I still do not understand why anybody would even want to say --no-merges.

What does this even mean?

	git blame --no-merges master..pu -- builtin | builtin/push.c

It may find ab/i18n or mm/push-default-advice depending on the timestamp,
by ignoring a content-level merge but is it a useful information?

> I was thinking something like:
>
>   git blame-tree dir branch1 branch2
>
> where branch2 is actually _ahead_ of branch1. We take the file list from
> branch1, but may blame commits on branch2. It's probably a little bit of
> a crazy thing to ask for, though.

To be compatible with all the git commands, the order of parameters should
be revs first and then pathspec, i.e. "git blame-tree branch1 branch2 dir".
But that is a tangent.

Again, the same "what does that mean" applies.

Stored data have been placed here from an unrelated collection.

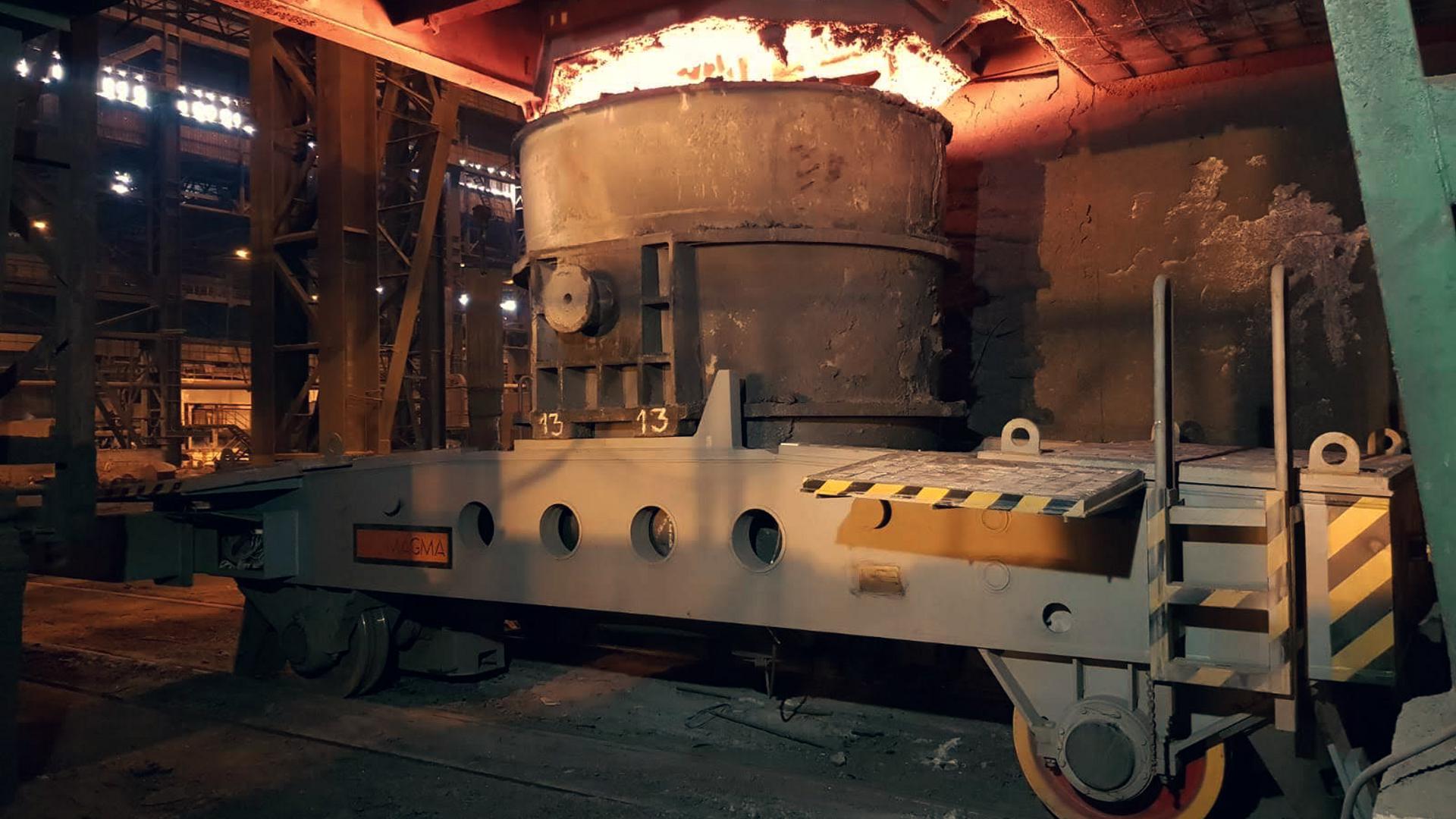 Самоходный сталевоз предназначен для транспортирования ковша с жидкой сталью вместимостью 160 т от конвертера в разливочный пролёт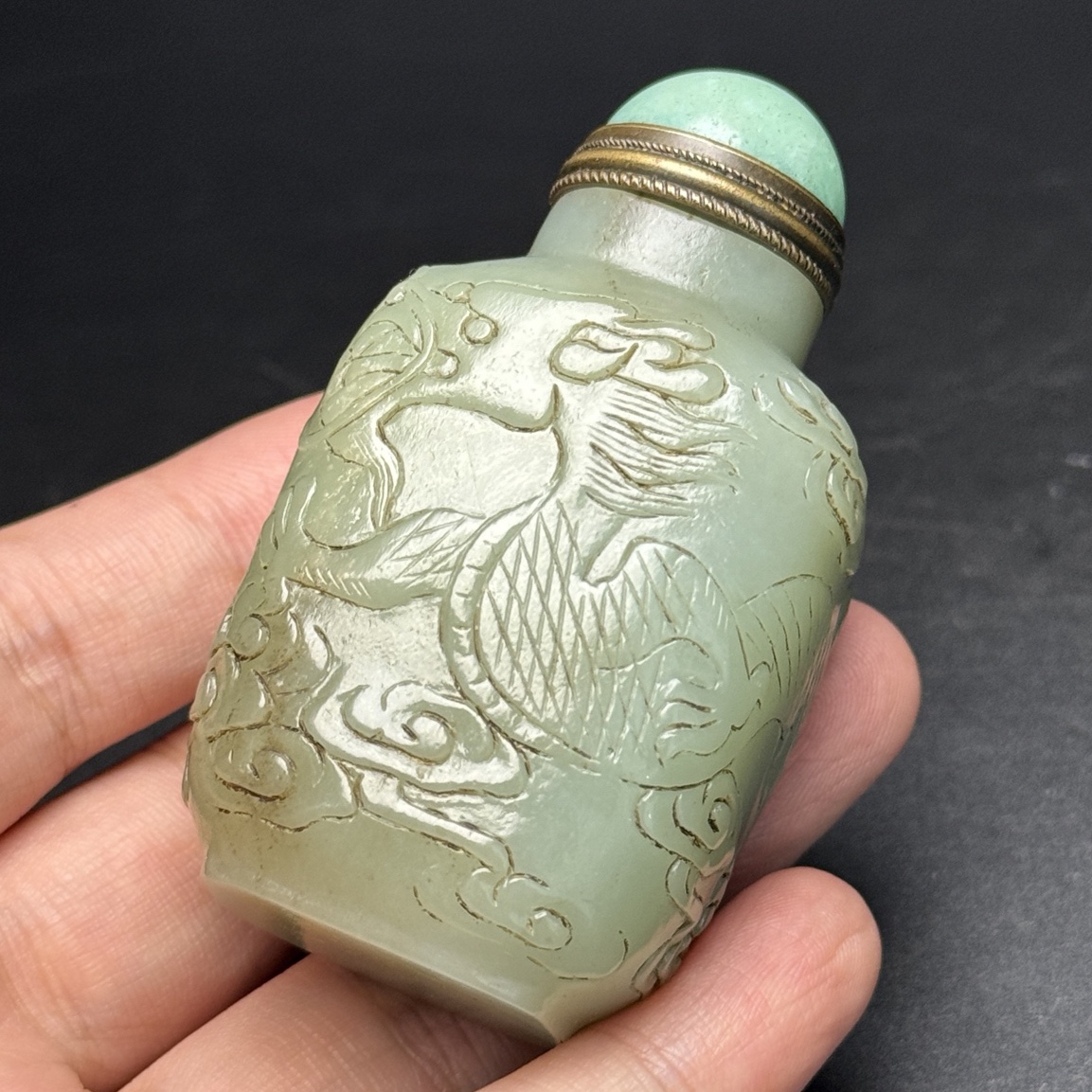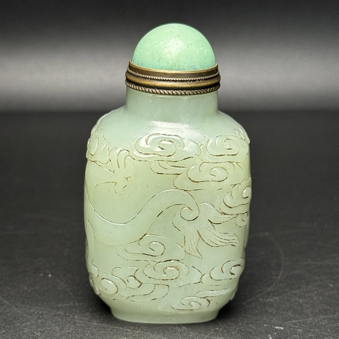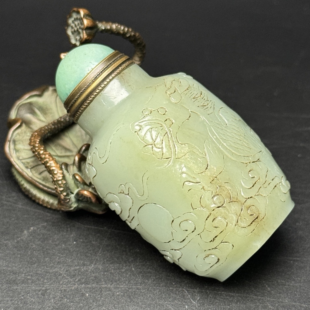 *珍品旧蔵* 清 玉彫 和田玉 飛龍鼻煙壺 祥雲相伴 玉質温潤 包漿醇厚 極細工 中国古玩 骨董品 古美味 H48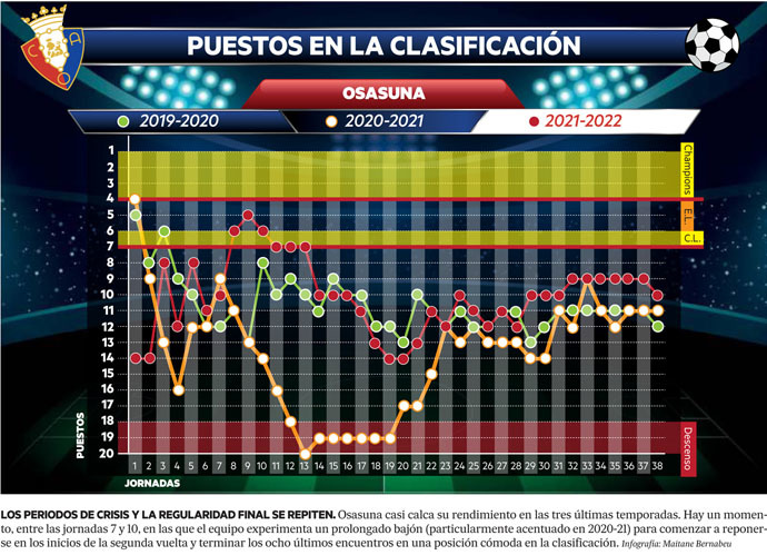 Ninguna jornada en puestos de descenso. Temporada sin apenas apuros por el puesto en la clasificación. Osasuna no ha ocupado posiciones de descenso. El lugar más alto ha sido el quinto y el más bajo, el decimocuarto. En seis jornadas el equipo ocupó plaza de acceso a competición europea. El puesto más repetido ha sido el décimo.

>> The second point is "why didn't you use pathspec, but chose to take only
>> one path?"  It would be useful if you can say
>> 
>> 	$ git blame v2.6.24..v2.6.37 -- net include/net
>> 
>> no?
>
> ...  So in the
> traversal above, if 2.6.25 removes net/foo.c, then a regular traversal
> will think that's interesting and mention it.  But for blame-tree, we
> don't want that. We want to mention net/foo.c only if it existed at the
> beginning.

Of course, if v2.6.37 that is the endpoint of the history (i.e. "at the
beginning" above) didn't have net/foo.c, then we shouldn't show it.

But that doesn't change my question.  Why are you taking a single
directory and doing "ls-tree $endpoint $that_directory" to populate the
set of paths to find who touched them last, instead of using the args as
regular pathspecs and running "ls-tree $endpoint -- net include/net" to
populate the set?

> Of course it would be easy enough to parse the revision parameters, then
> create our initial path list by combining the initial tree and the
> pathspecs....

As I said already, it does not make any sense to have more than one
endpoint to begin with when you are asking "what is the last one that
touched things", and that also applies to the regular blame, which I think
already has a logic to make sure you have only one positive commit in the
starting rev list.

> ... When net/subdir/foo.c changes, we do care, we just say
> "net/subdir" changed.

I think you would want diff-tree with or without -r then.  I suspect
people may want to pass --recursive to this command.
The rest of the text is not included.